The engine was thoroughly serviced and then painted gloss black with the rocker covers being polished. The carbs were sonically cleaned and then rebuilt. We fabricated old fashioned British pancake air filter holders to fit directly onto the stock Dell’Orto carbs. GP style exhaust pipes using the original chromed headers were fitted.
Foot pegs are after-market scrambler pegs and the linkages have been remade to suit. There are no rear pegs. Motogadget Blaze bar end mirrors and indicators have been fitted. Ignition is at the left-hand rear of the bike. A flattish narrow handlebar has been used and cables remade to suit. Front lights are LEDs and the rear light is an integrated tail light, brake light and indicators. It also provides the mount for the number plate. The instrument is an Acewell mini speedo/tachocombination mounted in a bespoke polished housing bolted to the top yoke. A Garmin GPS is also mounted there. The front fender is cut down from a Hinckley Bonneville. Wheels were rebuilt by the Hagon Wheel Department – black rims and hubs and new stainless spokes. Tyres are Michelin Pilot Activs. Brakes are the stock Brembos. The seat is tuck and Roll and upholstered and covered by P & D Customs. The body work paint is matt black with a matt gold and red check stripe – colours match those of the tank badge. Paint is by Tony of Cycle Sprays in Cranleigh.

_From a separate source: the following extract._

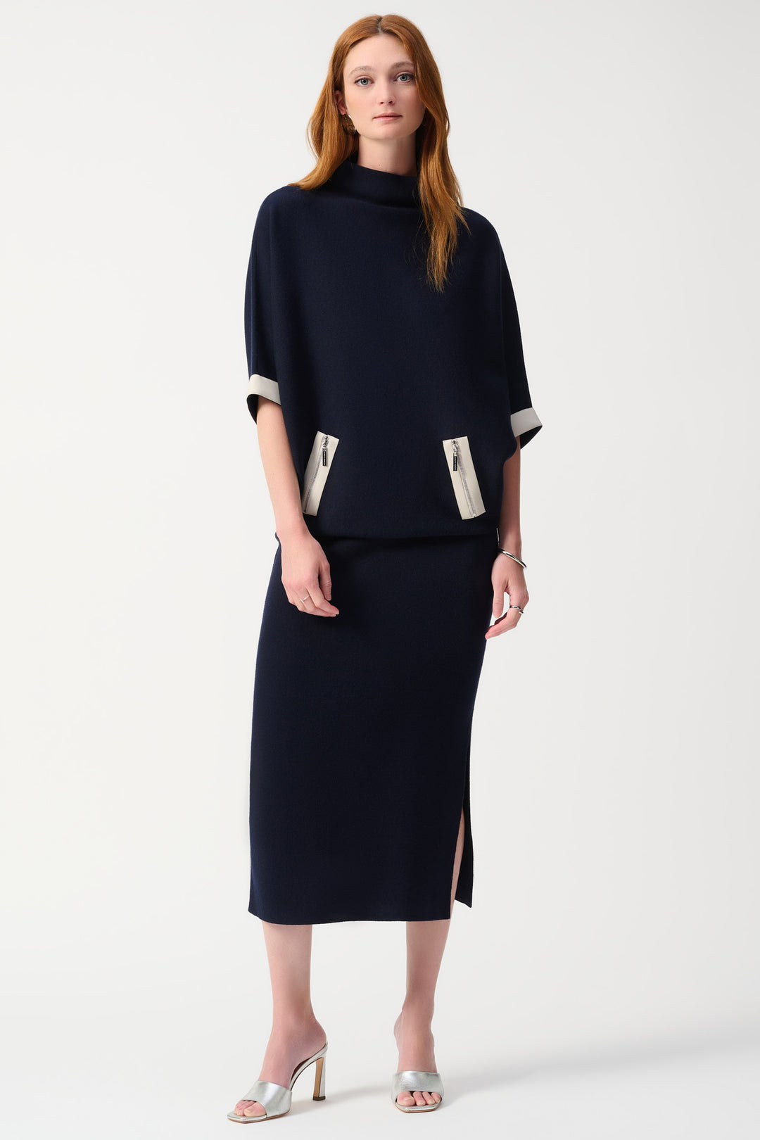 This knit skirt features a high-waist design with elegant side slit cuts that add movement and style. Its midi length and elastic waist ensure both comfort and a flattering fit.

From start to finish the project took some six months with the MOT being passed in June 2017. As the donor bike had been a runner, getting it going was relatively straightforward. Thenit was the typical challenges: balancing carburettors, setting up cold and hot starts, eliminating electrical gremlins, getting a smooth action from the gear change linkages etc….After a day or so of this fettling some 60 miles of shake-down riding in the Surrey sunshine has been completed by the time of writing. Lovely to ride, massive torque, responsive and light – and gains admirers everywhere we stop.